David Broussard recently penned a piece describing the problem with the push to use ethanol as a “renewable energy source”, one that is supposed to ease our dependence on foreign – read “Islamic” – oil.
As David says, the dream of replacing gasoline with corn alcohol simply is not going to happen:
The US uses about 130 billion gallons of gasoline a year. Using our 2/3rds rate we would need 195 billion gallons of ethanol to get the equivalent amount of fuel for the US. 195 billion gallons would need 570 million acres of corn being grown per year. The US total land area is 9.1 million sq km (2.3 billion acres). So, if we could devote 25% of the total land mass of the US to growing corn just for ethanol use…we would be OK. The reality is that only 18% of our land is arable, so we would not be able to do it anyway (and we actually only cultivate .21% of our total land).
In the end, we could use ethanol as a filler to spread out gasoline, but not as a replacement. It seems to me that we should still be looking at hydrogen fuel cells for our long term solutions.
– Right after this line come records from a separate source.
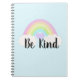 Este diario/cuaderno tiene un fondo azul cielo con un arcoiris pastel de color agua y dice "Be Kind". Coordina con nuestra colección de arcoiris.
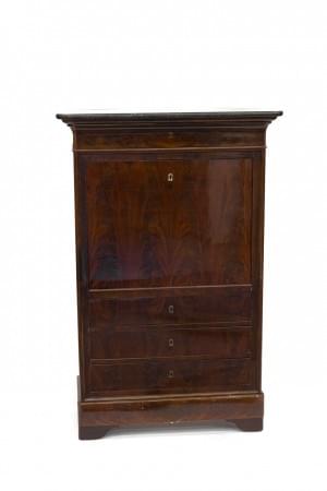 Bois laqué blanc et brun, pans coupés et motifs géométriques app...
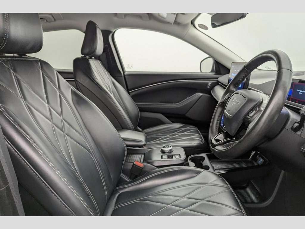 Henson Car Store Presents the FORD MUSTANG MACH-E Standard Range 70kWh SUV 5dr Electric Automatic finished in Black, this car comes with service history and is VAT qualifying. This 2021 Ford Mustang Mach E is a remarkable example, having been cherished by only one owner since new. As a Standard Range electric model, it boasts a 76 kWh battery offering a maximum range of 273 miles when new. This impressive electric vehicle also features the convenient E-Latch Keyless Entry System with B-Pillar Keypad Access, ensuring effortless entry. Experience enhanced comfort and convenience with the Mustang Mach E's Adaptive Cruise Control, complete with Stop and Go and Lane Centering capabilities. Both the driver and front passenger can enjoy the warmth of heated seats, while the heated steering wheel provides extra comfort on colder days. The Dual Zone Electronic Automatic Temperature Control allows for personalised climate settings, making every journey a pleasure. Charging is efficient, with a full charge at home taking approximately 11 hours and 24 minutes using a 7kW charger, and a rapid charge from empty to 80% achievable in just 43 minutes at a public charging station. These features collectively position this Mustang Mach E as a superior choice for electric vehicle ownership. 10.2in Full Digital Cluster and 15.5in C, 18in Alloy Wheels - 5-Spoke - Silver, 6-Way Manual Driver and Passenger Seats, ABS - Anti-lock Braking System, Adaptive Cruise Control with Stop and Go, Air Conditioning - Dual Zone Electronic , Airbags - Driver and Front Passenger, Applink Remote Control System, BLIS - Blind Spot Information System wit, Body Colour Bumpers, Body Colour Heated Mirrors with Puddle L, Brace Front Grille Design, E-Latch Keyless Entry System including B, Electric Windows - Front, FordPass Connect Embedded Modem, Front Trunk, Front and Rear Parking Sensors, Heated Driver and Passenger Seats, Heated Steering Wheel, High Power Charging Cable, Home Charging Cable, LED Mustan
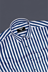 Step into refined elegance with our Regal Blue and Bright White Striped designer shirt. The subtle sheen accentuates the timeless stripes on the canvas of super-soft premium cotton. Enjoy regal comfort and impeccable style, making this shirt a classic essential that effortlessly combines sophistication with modern charm.
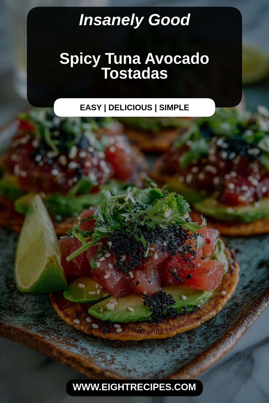 These Spicy Tuna Avocado Tostadas are quite satisfying on their own, but if you’re looking to round out the meal, a light and refreshing side salad dressed with a simple vinaigrette would be perfect. A bowl of tortilla soup or some quick black beans seasoned with a little garlic and lime would also complement the flavors beautifully. For an even more casual spread, a side of crisp jicama sticks or cucumber slices would offer a refreshing contrast.
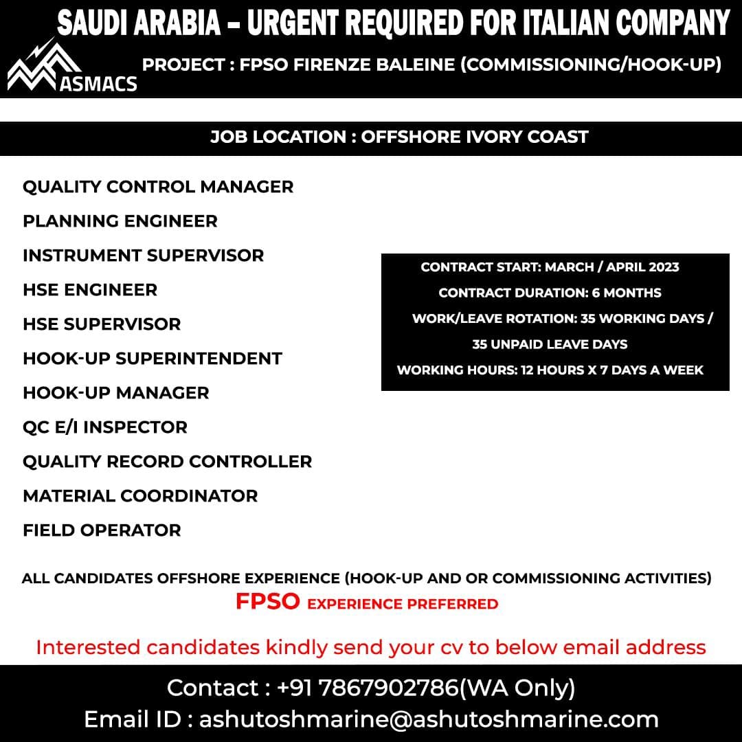 SAUDI ARABIA – URGENT REQUIRED FOR ITALIAN COMPANY

Consider also the problem of relative efficiency. Ethanol, as D.B. says, is only about 2/3 as efficient as gasoline, meaning that more of it must be consumed to produce a similar result.
So even if we could meet our energy needs with ethanol in the short term this fuel’s inefficiency would require an ever-increasing amount of resources to be expended in its production. Ethanol is not viable as a primary source of energy in the long term.
Regarding the production, distribution, and use of hydrogen as a replacement energy source, I agree with David that this is the way that we should phase out gasoline as our main source of transportation energy.
There is the question of how to provide the power required to create free hydrogen for use in this system. According to one engineer I know and trust, the best way to do this is to use nuclear power to run hydrogen production plants.
Nuclear fission is anathema to the green movement, of course, and they’ve spent much time and effort blackballing the nuclear power industry all over the world. Regardless, I believe this is right way for the West to proceed. As I wrote in a discussion about global warming:
Many environmentalists and Muslim fundamentalists would take us backward to the time of the horse-drawn plow, the former foolishly not considering the massive human death toll that it would take to re-stablize society at their idealized technology level and the latter rabidly desiring it. Neither are correct.
The way to a better life for all is forward through advances in science and technology, not intellectual and economic surrender.
Now is no time to give in to fear. It is far better to face the nuclear genie than to depend on hostile, unstable nations run by and for the benefit of terroristic philosophies, whether Islamic or communist.